Le locataire dont le bail a été résilié est tenu de payer le loyer, les taxes et cotisations pendant le temps nécessaire à la relocation du lot de chasse. De même, le locataire ayant subi la résiliation doit fournir pour ladite différence, sur simple demande écrite, un cautionnement afin de compléter celui que doit fournir le nouveau locataire.
Enfin, le locataire ayant subi la résiliation doit payer sur simple demande écrite la différence correspondante des taxes, droits et autres montants dont le loyer de chasse constitue l'assiette.
Article 39 : Élection de domicile
Pour l'application du présent cahier des charges ou en cas de différend quant à son interprétation ou à son exécution, les parties font élection de domicile dans la commune ayant organisé la location.
Article 40 : Délais de recours
Le présent arrêté peut faire l’objet, dans un délai de deux mois à compter de sa publication :
• soit d’un recours contentieux directement auprès du Tribunal Administratif de Strasbourg - 31 avenue de la Paix - BP 51038 - 67070 STRASBOURG Cedex,
• soit, préalablement, d’un recours administratif gracieux auprès du Préfet du Bas-Rhin.
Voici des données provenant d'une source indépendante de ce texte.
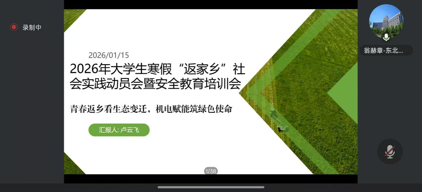 为深入学习宣传习近平新时代中国特色社会主义思想,全面贯彻落实党的二十大和二十届四中全会精神,引领广大学子争做有理想、敢担当、能吃苦、肯奋斗的新时代好青年,近日,学院团委于线上召开以“青春返乡看生态变迁,机电赋能筑绿色使命”为主题的寒假“返家乡”社会实践动员大会暨安全教育培训会。会议由学院团委老师、学生干部主持,参与寒假社会实践的全体学生参加。

Dans ce cas, la décision de rejet du recours préalable, expresse ou tacite, née du silence de l’Administration à l’issue du délai de deux mois à compter de la réception du recours administratif préalable, peut faire l’objet, avec la décision contestée, d’un recours contentieux dans les conditions indiquées à l’alinéa précédent.
Article 41 : Publication et exécution
Le Secrétaire Général de la Préfecture du Bas-Rhin, les Sous-Préfets, les Maires, le Directeur Départemental des Territoires, le Directeur Territorial de l'Office National des Forêts, le Colonel Commandant le Groupement de Gendarmerie du Bas-Rhin, le Directeur Régional des Finances Publiques, le Directeur Régional des Entreprises, de la Concurrence, de la Consommation, du Travail et de l'Emploi, le Directeur Départemental de la Sécurité Publique du Bas-Rhin, le Délégué Régional de l'Office National de la Chasse et de la Faune Sauvage, les Présidents des Tribunaux de Grande Instance, les Présidents des Tribunaux d'Instance, le Président de la Chambre d'Agriculture, le Président de la Fédération Départementale des Chasseurs du Bas-Rhin, le Président du Centre Régional de la Propriété Forestière d'Alsace et de Lorraine, le Président du Fonds Départemental d’Indemnisation des Dégâts de Sangliers, les Lieutenants de Louveterie sont chargés, chacun en ce qui le concerne, de l'exécution du présent arrêté qui sera publié au recueil des actes administratifs de la Préfecture du Bas-Rhin.